University of Melbourne Piloting Recipient-Owned Blockchain Records

· October 9, 2017 · 4:00 pm

The University of Melbourne has announced plans to pilot blockchain based certification and verification based scheme, allowing a private, secure and long-lasting way to verify their student’s credentials.


Bitcoin Degrees

The University of Melbourne is trialing a blockchain-based record keeping program, allowing recipients to both store their credentials and allow third party access for verification purposes. Learning Machine are behind the issuing system using the Blockcerts open source code developed by the MIT Media Lab in 2016.

Professor Gregor Kennedy, Pro Vice-Chancellor of the University of Melbourne, explained:

While we are entirely committed to the existing degrees and awards that the University offers, we are also interested in exploring how we can build a more diverse credentialing ecosystem. Issuing credentials on the blockchain is a key component of this investigation.

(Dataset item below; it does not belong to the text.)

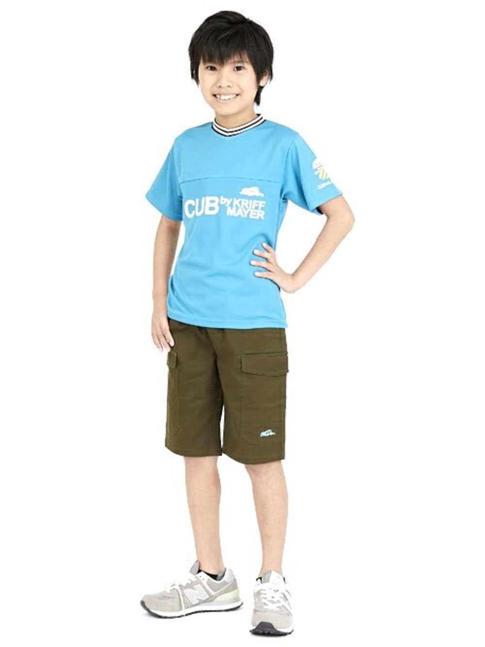 真夏日が続いたり、ようやく夏がやってきましたね! スポーツや外遊びにぴったりの速乾メッシュ生地Tシャツ♪ 暑い時期でもさらっと快適に過ごせます◎ カーゴショーツを合わせて、夏休みをイメージしたコーデにしてみました^^

Blockcerts Open Source Code and Wallet

The Blockcerts code is freely available to the public under the MIT open source license. One of the key benefits of the blockchain is that a recipient owns their credentials and that they will be available to be verified by third parties even if the issuer, in this case, the University of Melbourne, ceases to exist.

Students can access and share their credentials via an open source mobile phone wallet app, enabling them to easily show potential employers that they have the qualifications that they say they have. The benefits of verifying information in this manner include cost savings for the issuing university, security and the prevention of potential fraudulent misrepresentation when it comes to declaring actual qualifications.

Learning Machines CEO Chris Jagers stated:

The blockchain is an innovation that gives institutions brand protection while also giving individuals the benefit of owning their official records and taking them anywhere. Both issuers and recipients immediately gain a level of independence and security that wasn’t possible before.

Learning Machine

Learning Machine is a US based company with headquarters in Cambridge, MA. The company is quick to point out that this undertaking by the University of Melbourne is a first in the Asia-Pacific region, and Learning Machines is keen to spread blockchain-based solutions across a broad range of sectors.

Natalie Smolenski, Head of Business Development at Learning Machines, told Newswire:

Institutions all over the world–universities, governments, corporations, and others–are coming to terms with the logistical challenges of an increasingly mobile, global workforce and student body. The blockchain upgrades legacy methods of credentialing and verification, increasing both the security and efficiency of records processing. The Learning Machine platform makes creating, issuing, and managing blockchain records simple and intuitive at scale.